The personnel included highly paid, highly trained executives at the peak of their powers and careers.

Nonetheless, I doubt I could procure any of them a place in a nude three-in-a-bed gay love rat Nazi Alsatian sex romp even if – I'm sure Mr Crone would point out – they had the time to attend. What's that? The "inclination" to attend? Ah, there it is, the nicety of the legal mind. I wouldn't want to give an impression that there was any connection between the legal manager of News Group and gay nude love rats – apart, at least, from the paper he works for.

And while there was a distinctly rat-like element in editor Colin Myler's make-up I wouldn't want to suggest there was anything feminine in it. Or nude. His rat-like characteristics were completely masculine, non-Nazi and fully, not to say decently furred.

Exhausting, this legal sketching.

These fellows told us they had fully investigated the phone tapping scandal and concluded no one else was to blame.

But wait, what about this story concerning a royal girlfriend leaving a blistering message on her prince's phone – a message which was reprinted verbatim in a page 7 splash with a front page teaser. What was the result of the investigation into that story with its prima facie evidence of phone hacking?

Mr Crone deployed the full Inner Temple brilliance of his mind. He'd never seen the story before in his life. He had "absolutely no recollection of it".

But then an even more ingenious argument occurred to him. It was a message hacked from the prince's mobile. But he, Mr Crone, was only investigating stories about phone hacking on staff members in the royal household! As they say about News of the World footballers: "You can't legislate against talent like that."

The £200,000 that Private Eye said it had paid its convicted royal editor? Mr Crone shot that down with the words: "That's not my area."
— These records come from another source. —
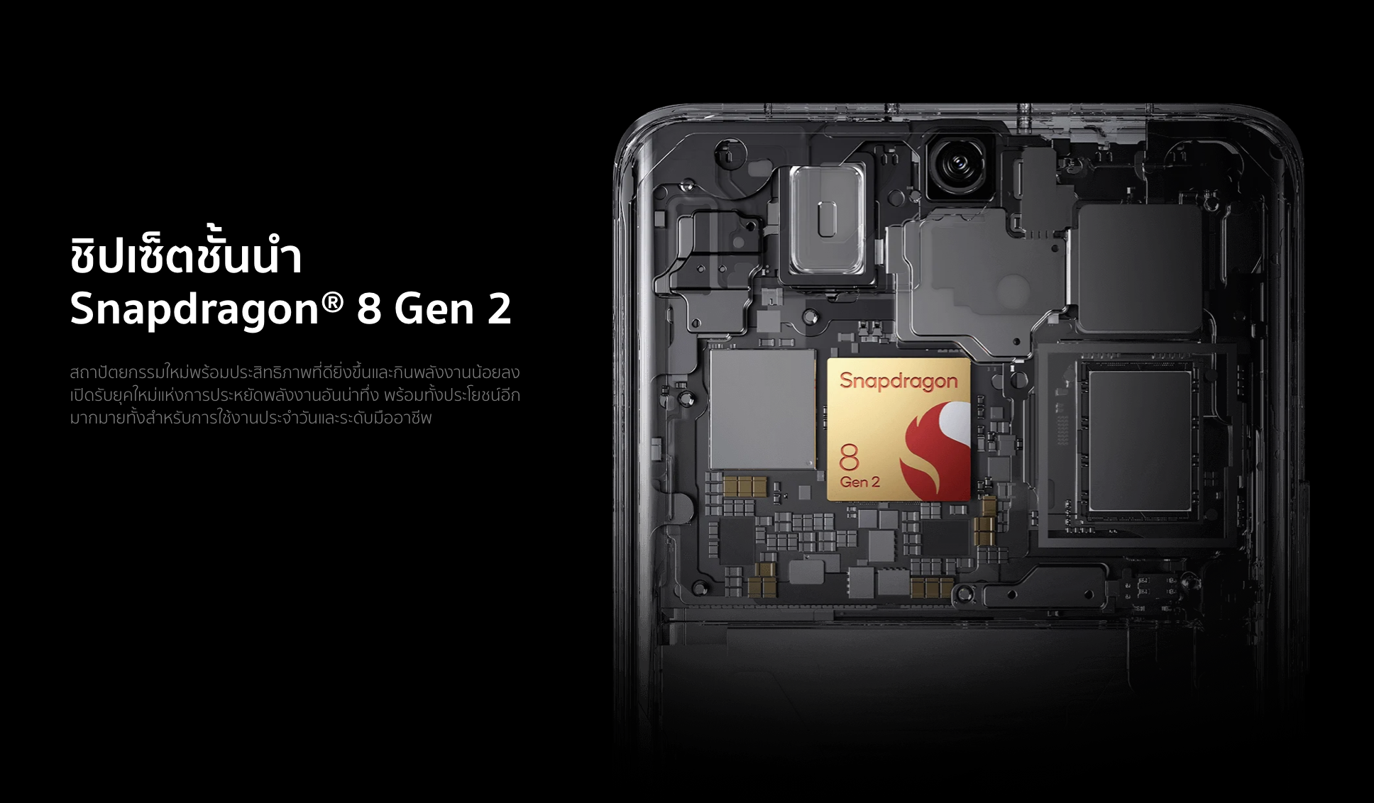 Xiaomi 13 Pro มาพร้อมชิป Snapdragon 8 Gen 2 ประสิทธิภาพการทำงานของ CPU เร็วขึ้นกว่ารุ่นก่อนหน้า 37% และ GPU เร็วขึ้น 42% โอนถ่ายข้อมูลได้เร็วด้วย RAM แบบ LPDDR5X และ ROM แบบ UFS 4.0 อ่านข้อมูลได้เร็วสูงสุดที่ 3.5GB/s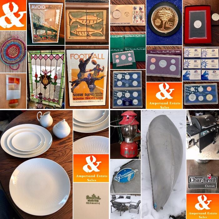 & Ampersand Estate Sales Friday February 21st – 9am to 3pm and Saturday February 22nd – 10am to 3pm 643 Euclid Avenue Highland Park, IL 60035 Pop Up Estate Sale in a cute Highland Park home that will soon be for sale – with a contemporary furniture pieces, framed art pieces, a Grumman Canoe, vintage Boy & Sea Scout collectibles, vintage chalkware figurines, costume jewelry, collection of vintage wrist watches, pocket watches, 3 sets of Sterling Silver flatware, Sterling Silver serving pieces, crystal & glass decanters, Rosenthal Romance China & Stemware, Blue Danube China set, Morgan parking sign, hubcaps &...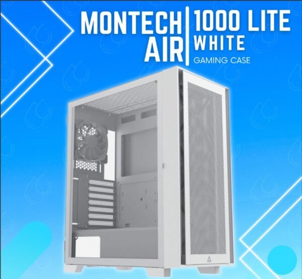 The MONTECH AIR 1000 LITE-W is a clean and efficient ATX mid-tower case designed for builders who value airflow and aesthetics. With three pre-installed high-airflow fans, a quick-release mesh front panel, and a swivel tempered glass side panel, it delivers both cooling performance and visual appeal. Its spacious interior supports full-sized GPUs and advanced cooling setups, making it ideal for gaming and productivity builds.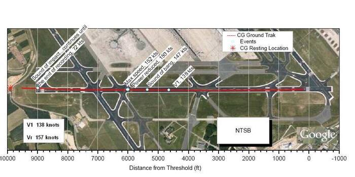 Расследование установило, что на развитие аварии повлияло сразу несколько факторов. В третий двигатель попала птица, что вызвало его остановку и громкий хлопок, сильно испугавший экипаж и повлиявший на их восприятие. Самолёт начал разбег не с начала полосы, а с пересечения B1, что сократило длину разбега примерно на 300 метров. При этом расчёты выполнялись для полной длины полосы, создавая у экипажа ложное чувство безопасности.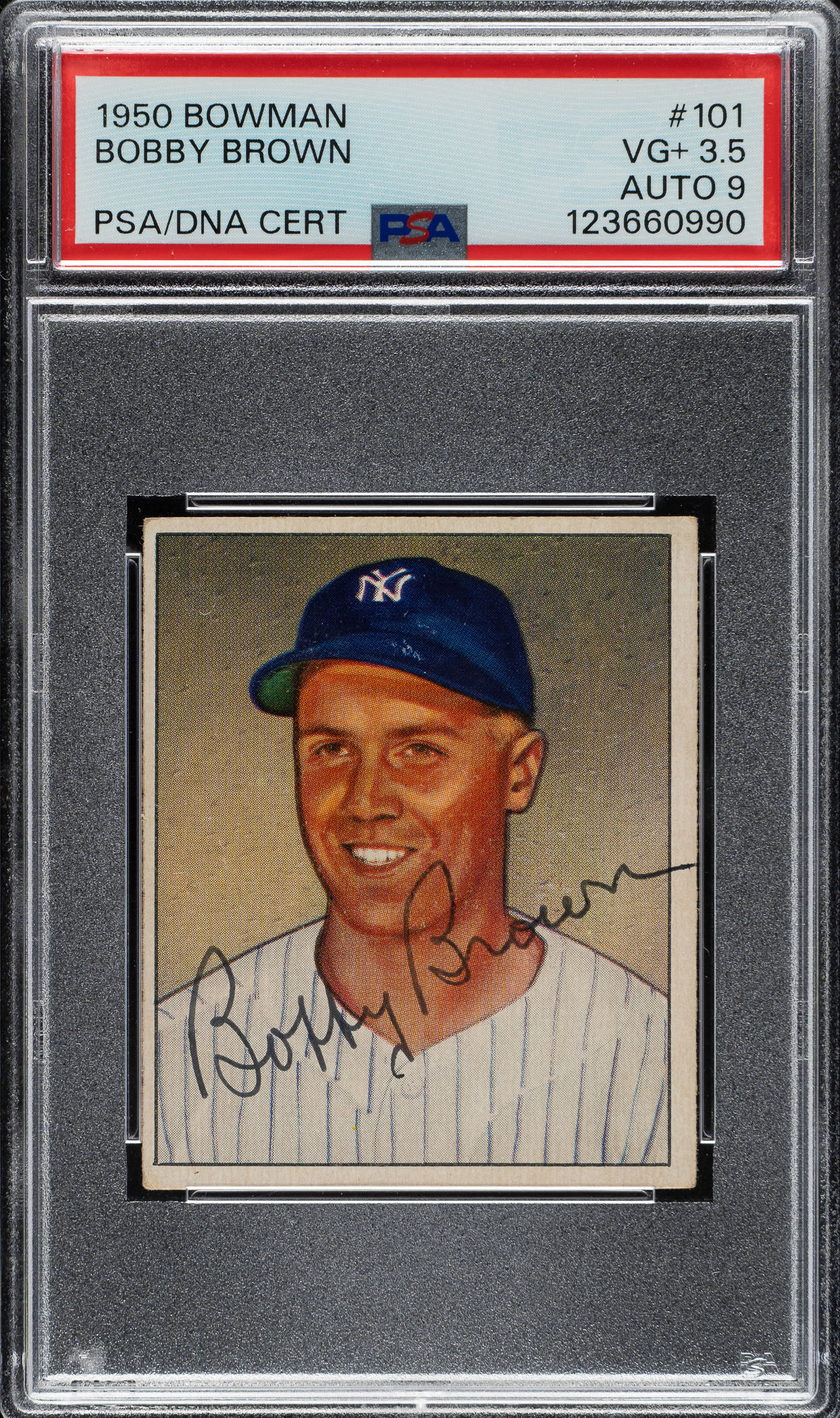PSA/DNA has encapsulated the card, grading the signature MINT 9 and the card VG+ 3.5. New York Yankees.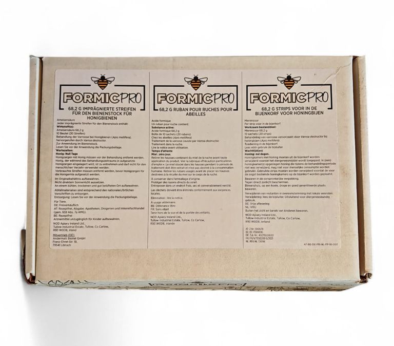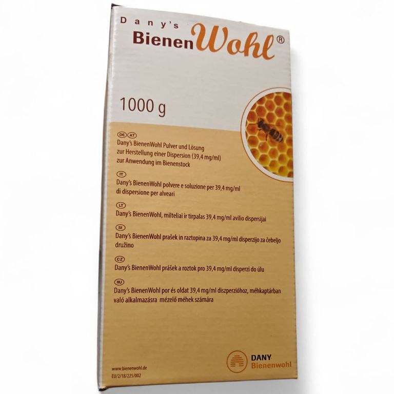 Pulver und Lösung zur Herstellung einer Dispersion (39,4 mg/ml) zur Anwendung im Bienenstock. 1 Flasche mit 750 g Oxalsäure-Dihydrat-Lösung und zwei Beutel (zu je 125 g) Saccharosepulver zur Herstellung von 888 ml Dispersion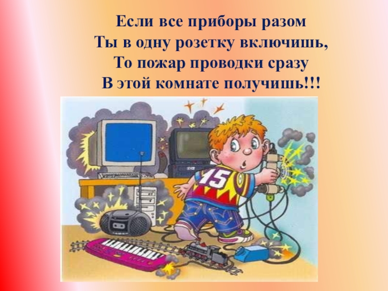Если все приборы разом Ты в одну розетку включишь, То пожар проводки сразу В этой комнате получишь!!!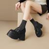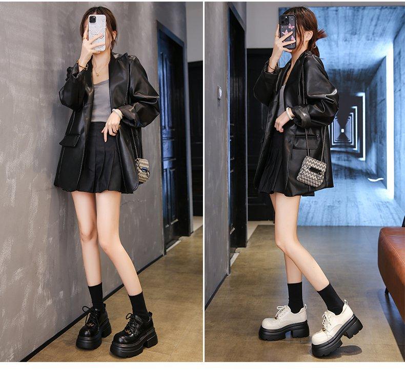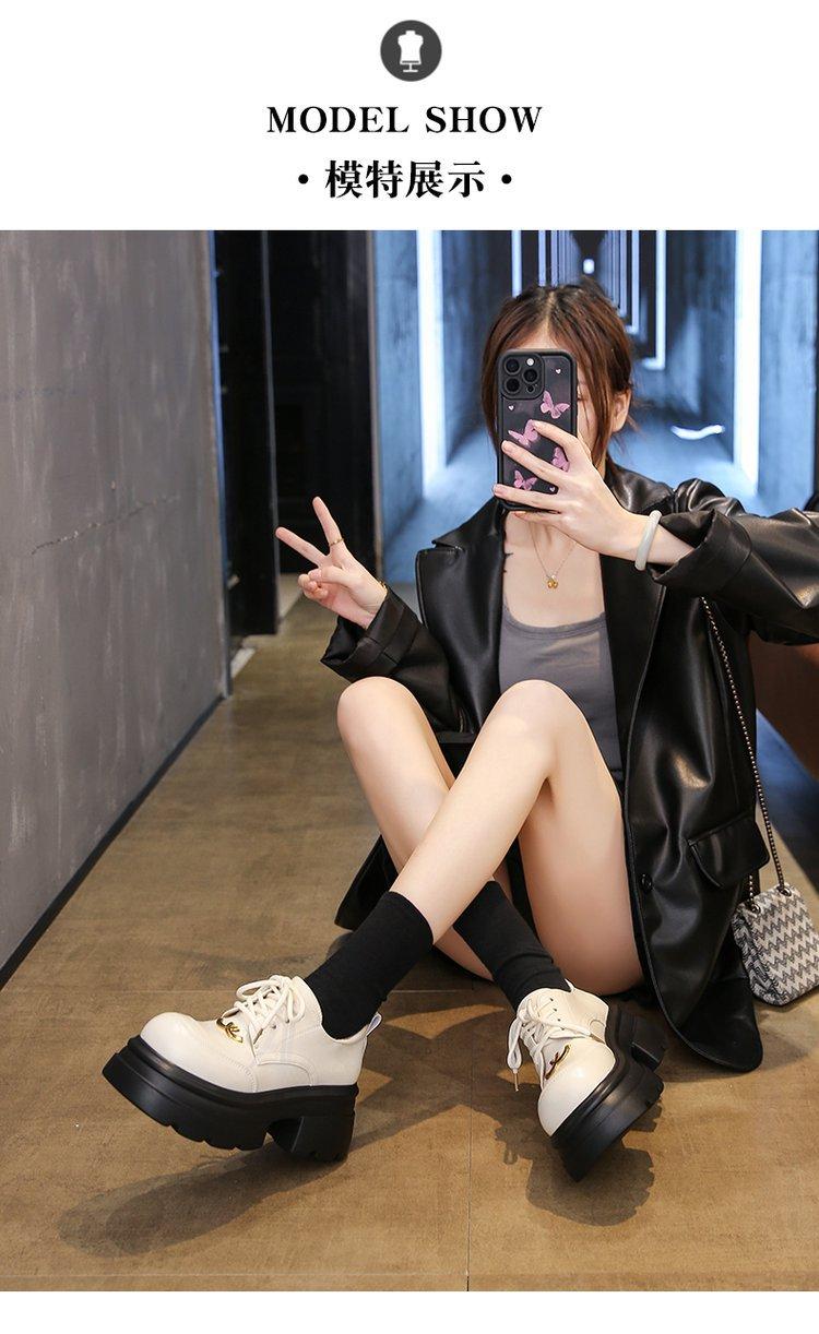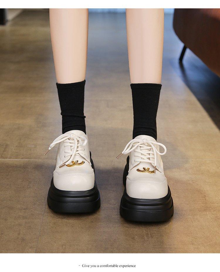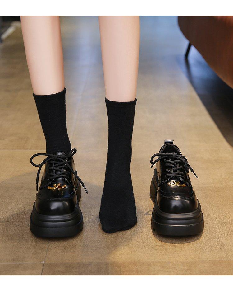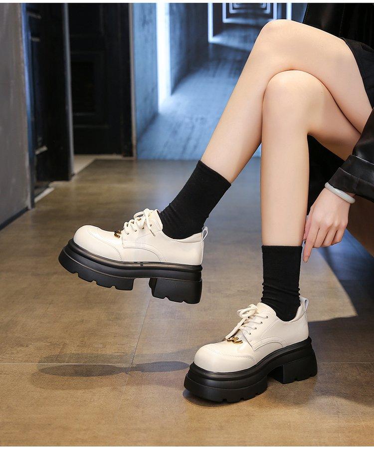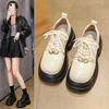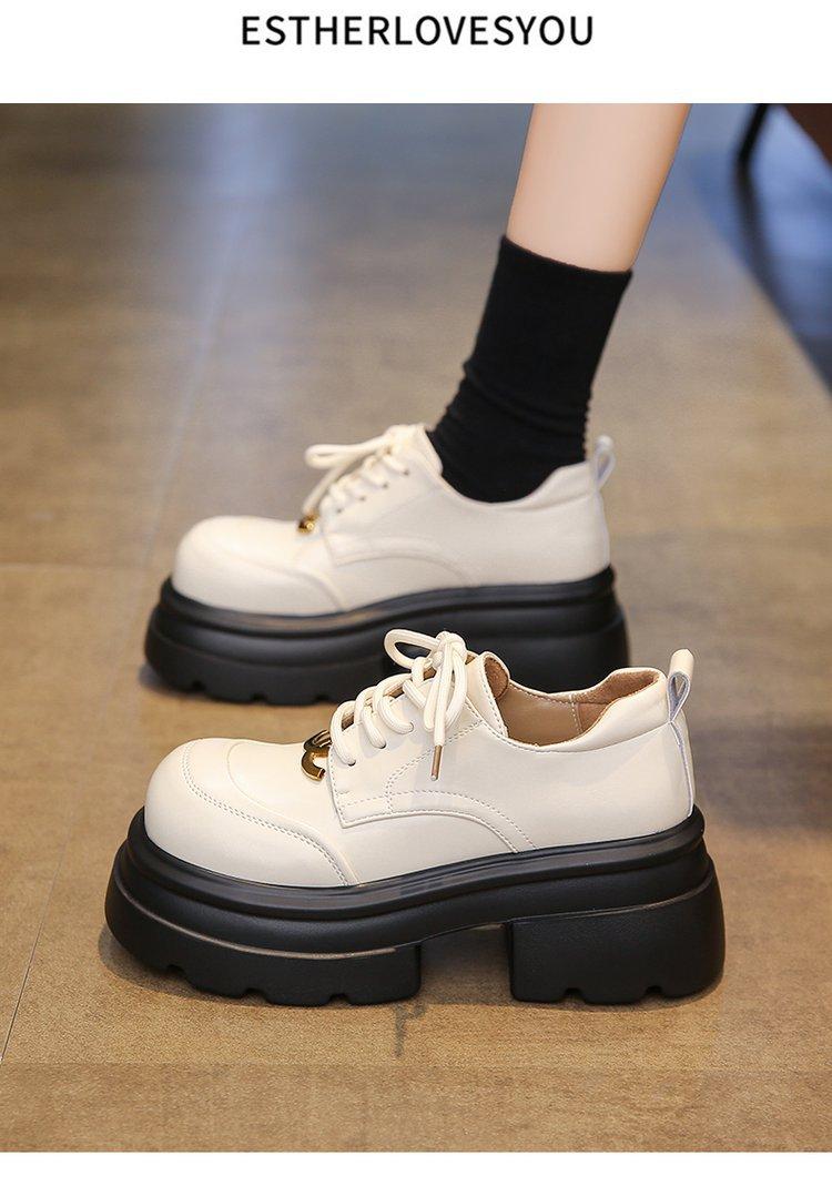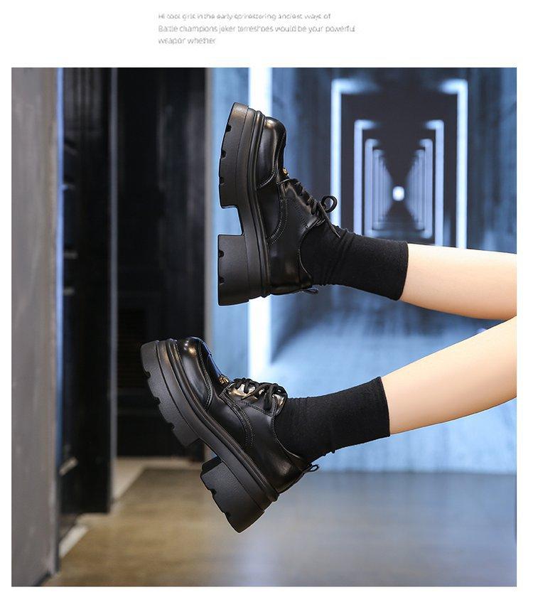 Zapatos de cuero pequeños con suela gruesa y realce para mujer, nuevos mocasines de estilo académico británico de primavera 2025, zapatos negros versátiles de una sola capa, talla pequeña

It was also stated the story was inaccurate (the punctuation may have been faulty), and then (they were by now admitting it) that it was a contractual pay-off owed as a long-term freelancer (convicted and jailed for six criminal offences committed for the commercial gain of the paper he was working for).

Who authorised the payment? The editor didn't know, the legal manager didn't know, the ex-managing editor didn't know – and none of them knew who might know.

When we get the witness recalls in the recess for more evidence (which it is, technically) we'll have another double-page, red-topped, spread 'em wide festival. It'll be an orgy! I can't wait.